Active Vision for Social Robot Navigation with DreamerV3

Active Vision for Social Navigation (AVSN) is a joint reinforcement learning framework that teaches a rover where to look and where to drive within a single end-to-end policy. Instead of training separate perception and control modules, AVSN uses a DreamerV3 latent world model to solve the credit-assignment problem inherent in active sensing: the agent must discover that choosing a particular camera gaze direction now will produce observations that make future navigation decisions easier. The policy outputs three values simultaneously — linear velocity, angular velocity, and a discrete pan-window index — so locomotion and gaze are co-optimised from the start. Paper: Active Vision for Social Navigation (Vice & Sukthankar, 2025)

System Architecture

The pipeline connects five components across three repositories. Data flows from the fisheye camera through perception and into the RL agent, with the gaze action feeding back to select the next camera window.

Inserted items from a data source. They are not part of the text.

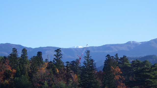 午前7時の開門時間に合わせて恐竜博物館へ一番乗り。開園時間の9時までロケーション抜群の庭園を散策していたら、真白い山がちょこんと頭を出していました。もしや霊峰白山でしょうか。
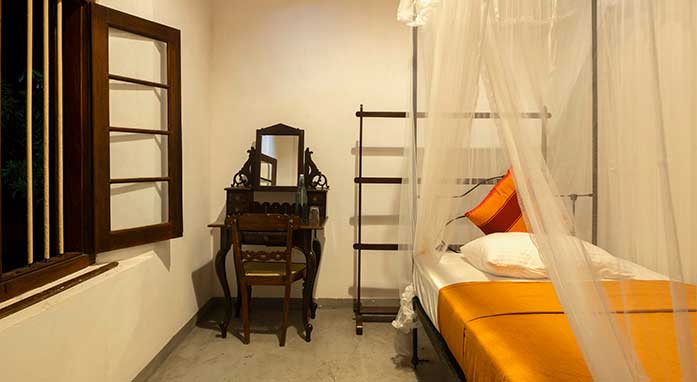 At approximately 9 sqm in size, the two single rooms at Gileemale Walawwa, are perfect for solo travellers. Named the Alexandrite Room and the Ruby Room, they are both set with a single bed fitted with mosquito nets, hardwood antique furniture including a dressing table, and a pedestal fan.Double Rooms (4 units)
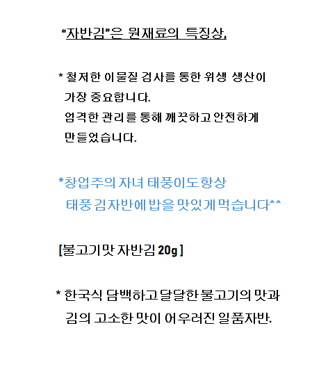 한국 불고기맛 자반김 20g (30봉), 1000만불 일본 수출 태풍 김
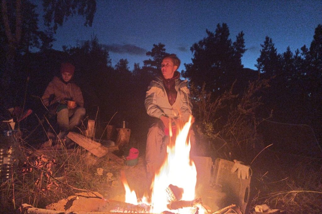 Первым было такое. Установив палаточный лагерь и поужинав, мы смогли немного передохнуть. День был весьма активный, много ходили и много ездили по разным местам. Закат от нас закрывала каменная гряда (она очень живописная, крайне похожа на крепостную стену с башнями). Другие стороны света открыты и виден горизонт.
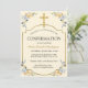 Feiern Sie die Bestätigung Ihrer Tochter mit Freunden und Familie, indem Sie sie zu Ihrem Service und Empfang mit diesem eleganten Imitat Gold Confirmation Einladung. Diese Girls-Bestätigung lädt ein schönes, schlichtes, goldenes Kreuz mit einem goldenen Rahmen vor einem weichen Buttercreme-gelben Hintergrund und Aquarellfarben-Blume mit Pfirsich und blauen Bouquets in jeder Ecke.
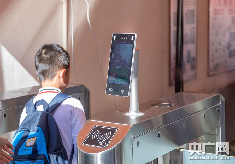 在入园处,两台AI人脸识别安全出入设备,可以自动识别家长身份(央广网发 通讯员供图)
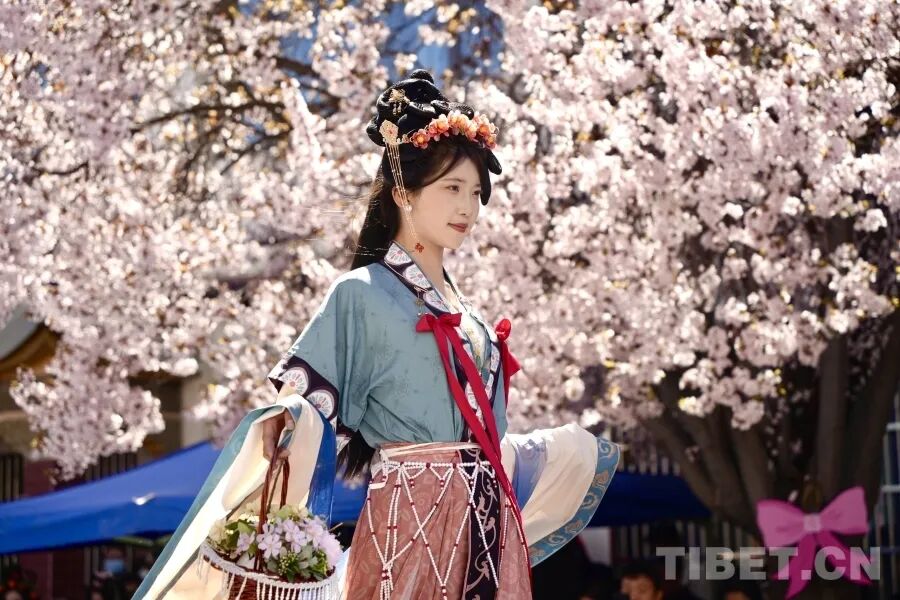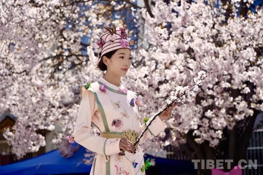 服饰文化是西藏传统文化的重要组成部分,基本特征为肥腰、长袖、大襟、右衽、长裙、长靴,并配有精美的金银珠玉饰品。受自然环境、民风民俗及生产方式影响,西藏服饰文化形成了鲜明的地域特色——拉萨服饰典雅庄重,日喀则服饰绚烂夺目,阿里服饰尽显华贵风范……传统服饰与桃花交相辉映,为观众呈现了一场流光溢彩的视觉盛宴。(中国西藏网 记者/德吉卓玛)
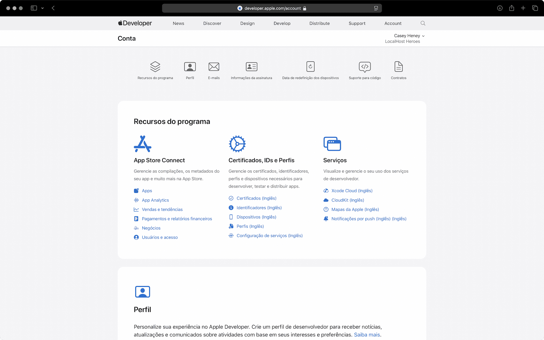 - Ao entrar na área de conta do Apple Developer, você visualiza os Recursos do programa e consegue acessar o App Store Connect e os recursos de certificados/IDs/perfis.
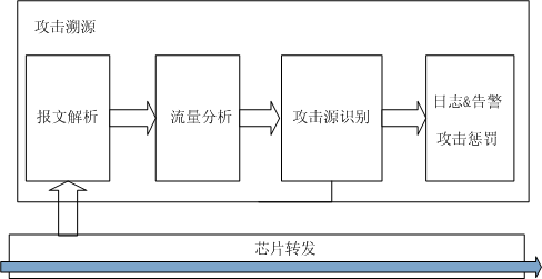 如图1所示,攻击溯源包括报文解析、流量分析、攻击源识别和发送日志告警通知管理员以及实施惩罚四个过程。
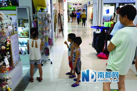 小朋友在商場的玩具店門前看動(dòng)畫片!

Fisheye Camera (6 rectified 320×320 windows, ~160° FOV)
        │
        ▼
fisheye_ros2_mem_share.py  ──►  shared memory  (raw rectified frames)
        │
        ▼
inference.py
  ├─ YOLO pedestrian detection
  ├─ Spatiotemporal attention heatmap   (trajectory_model.py)
  ├─ Monocular depth estimation
  └─ Fused 3-channel observation (96×96) ──►  shared memory
        │
        ▼
DreamerV3  (dreamerv3/main.py, config: leorover)
  ├─ World model learns gaze–observation dynamics
  ├─ Joint action: [linear_vel, angular_vel, pan_window]
  └─ pan_window selects from 5 yaw offsets:
        -60°  |  -30°  |  0°  |  +30°  |  +60°

Gaze Action Space

The pan_window output is a discrete index mapped to one of five yaw offsets relative to the rover’s heading:

Index	Yaw Offset	Description
0	−60°	Hard left
1	−30°	Soft left
2	0°	Forward (centre)
3	+30°	Soft right
4	+60°	Hard right

The selected window is passed back to fisheye_ros2_mem_share.py, which crops the corresponding rectified region for the next observation.

Repository Dependencies

AVSN spans three repositories that must be cloned under the same parent directory (the README assumes ~/src/):

Repository	Role
RoboTerrain	Gazebo Fortress simulation, Leo Rover with fisheye camera, dynamic human actor spawner, navigation metrics logging
attention	Spatiotemporal attention model (`trajectory_model.py`, Flax/JAX) — predicts near-future pedestrian occupancy heatmaps from RGB + YOLO masks
dreamerJMV3	DreamerV3-based RL agent — consumes fused observations (grayscale, depth, attention heatmap) and outputs joint locomotion + gaze actions

~/src/
├── RoboTerrain/
│   └── ros2_ws/src/
│       ├── roverrobotics_ros2/        # Leo Rover model, fisheye camera, Gazebo worlds
│       ├── dynamic_obstacles/         # Human actor spawner + trajectory SDF files
│       └── rover_metrics/             # Navigation metrics logger
├── attention/
│   ├── inference/
│   │   └── fisheye_ros2_mem_share.py  # ROS 2 → shared memory bridge
│   ├── inference.py                   # YOLO + attention + depth fusion
│   ├── trajectory_model.py            # Spatiotemporal attention model (Flax/JAX)
│   ├── run_efficient_training.py      # Attention training entry point
│   └── model_output/                  # Trained attention checkpoints (.pkl)
└── dreamerJMV3/
    ├── dreamerv3/
    │   ├── main.py                    # DreamerV3 entry point
    │   └── configs.yaml               # Contains `leorover` config
    └── logdir/                        # Training logs and checkpoints

Prerequisites

Operating System

Ubuntu 22.04 with ROS 2 Humble and Gazebo Fortress

Hardware

NVIDIA GPU with CUDA — required for YOLO inference, monocular depth estimation, and JAX-based DreamerV3 training

Python

Python 3.10+ in two separate virtual environments: one for the attention pipeline, one for DreamerV3

ROS 2 Workspace

Built with colcon build from ~/src/RoboTerrain/ros2_ws/. Source both setup.bash files in every ROS terminal.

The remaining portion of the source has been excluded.